Investigators observed an improvement in New York Heart Association (NYHA) class from 2 to 1 in 2 low-dose patients and 1 high-dose patient that had closely monitored immunosuppression with follow-up of at least 1 year. Additionally, 1 low-dose patient stabilized in NYHA class without a closely monitored immunosuppressive regimen.

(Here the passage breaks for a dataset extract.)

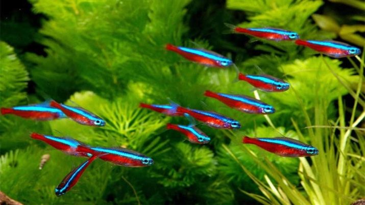 - Neons Una de les espècies de peixos més comunes i boniques entre els aquaris. Aquests habitants aquàtics es distingeixen per una interessant coloració: tenen un cos de neó pronunciat al cos que, segons l’espècie, pot tenir diferents colors. Els peixos prefereixen l’aigua freda al nivell de 18-22 graus, viuen en petits ramats de 5-6 individus.
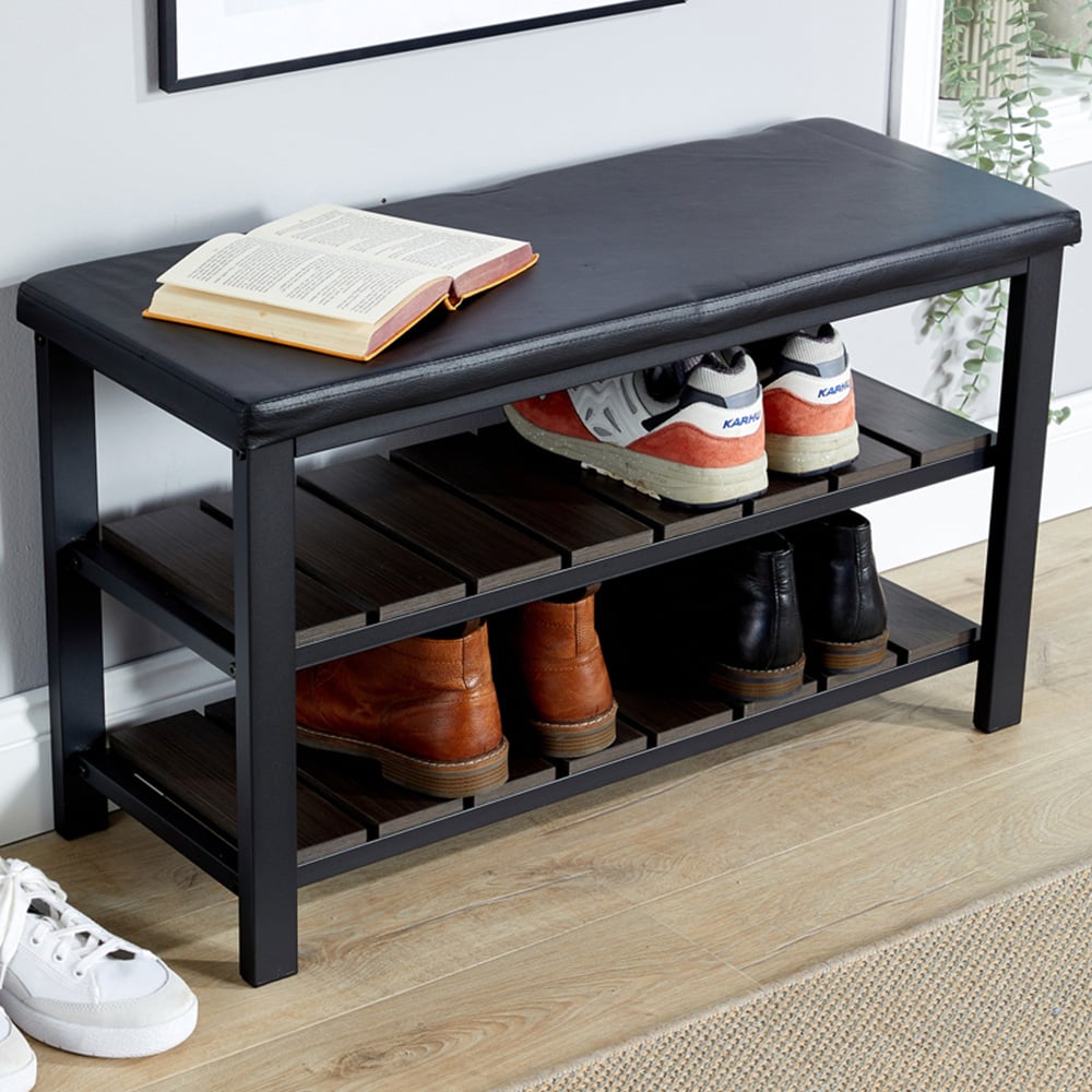 Home Source Spalding 2 Shelf Black PU Upholstered Metal Shoe Bench

B-type natriuretic peptide (BNP) substantially improved in all 3 low-dose patients and 1 high-dose patient compared with baseline. Left ventricular wall thickness (mean, –23%) and ejection fraction (mean, +20%) also improved or stabilized in 2 low-dose and 1 high-dose patient at 12 to 18 months compared with baseline, and all 3 low-dose patients and 1 high-dose patient improved on 6-minute walk test distances compared with baseline.
Investigators also evaluated LAMP2B gene expression by immunohistochemistry, Western blot, and electron microscopy and found sustained expression in both dose-levels in the 3 patients with a closely monitored immunosuppressive regimen.
“Danon disease is another special program for Rocket... because it represents the first potential curative genetic therapy for a heart syndrome of any kind. Heart disease is the biggest killer in the US, and I think getting an anchor on a genetic approach to heart disease is a big step forward for the industry and for people,” Shah told GeneTherapyLive in a previous interview.